Рой возвратился на свое место, выключил прозрачную стену и хмуро возразил:

– Ее мы привезли на Землю. Спенсера и Гаррисона мы не привозили. Псевдолюди появились сами. В стихийность их появления верить неразумно. Должна быть какая-то цель в их пребывании на Земле.

– И твое мнение, Рой?

– Зло! – твердо ответил Рой. – Присутствие Спенсера привело к аварии корабля. Гаррисон проник в лабораторию Андрея – Андрей едва не погиб.

– Однако Гаррисон покончил с собой, – заметил Арман. Он явно не разделял мнения Роя. – И перед смертью внедрил в болезненное сознание Генриха важнейшие для человечества математические истины.

– Я не знаю, почему он покончил с собой. А насчет истин – ты сам сказал: в болезненное сознание. А почему не в здоровое? Почему сам не опубликовал своих открытий? Твой пример как раз и доказывает, Арман, что добро совершилось в форме болезни, что оно несет в себе ненормальность. А это значит, что в нормальном бытии и Спенсер, и Гаррисон – вестники зла, в отличие от Олли, о которой я этого сказать не могу.
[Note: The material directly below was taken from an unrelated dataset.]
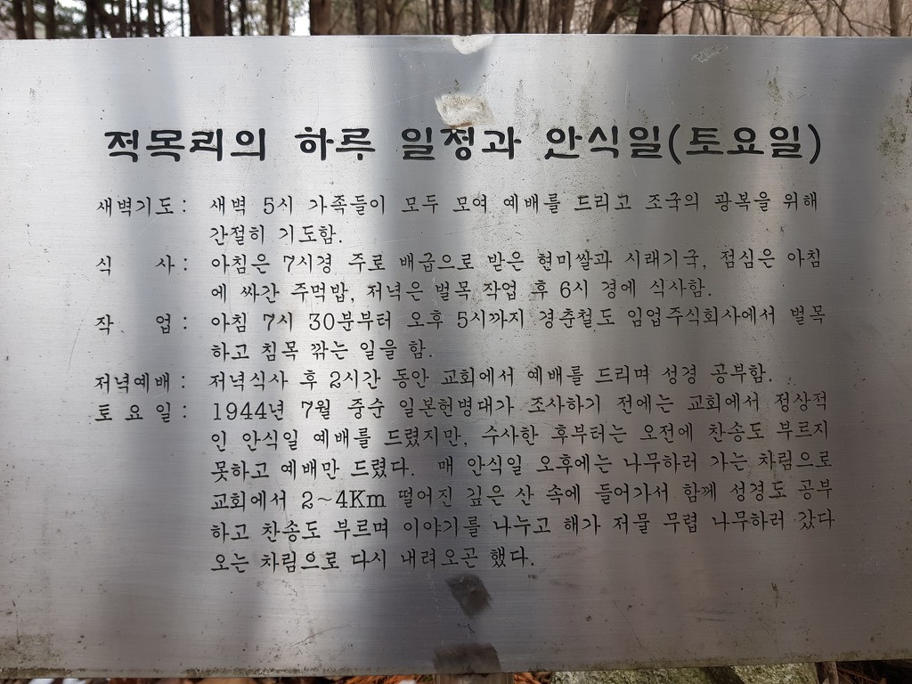 일제 감정기때 신사참배와 창씨개명 그리고 종교탄압과 강제징용을 피해 모여든 주민들이 이곳에서 은신하며 신앙심을 키우던 유적지

– Ты считаешь, что Олли и они – посланцы одной цивилизации?

– Ни утверждать, ни отрицать не берусь. Арман, тебе особое задание. Мы с Генрихом будем выяснять, какие все-таки депеши отправляет таинственная цивилизация на Кентавре, а ты займись поисками новых псевдолюдей. Продолжай проверку мозговых излучений. И особенно выискивай те, которые по характеристике…

– …совпадают с видениями Генриха и снами Артемьева, так? Будет исполнено! – Арман, получая четкие задания, любил говорить четко.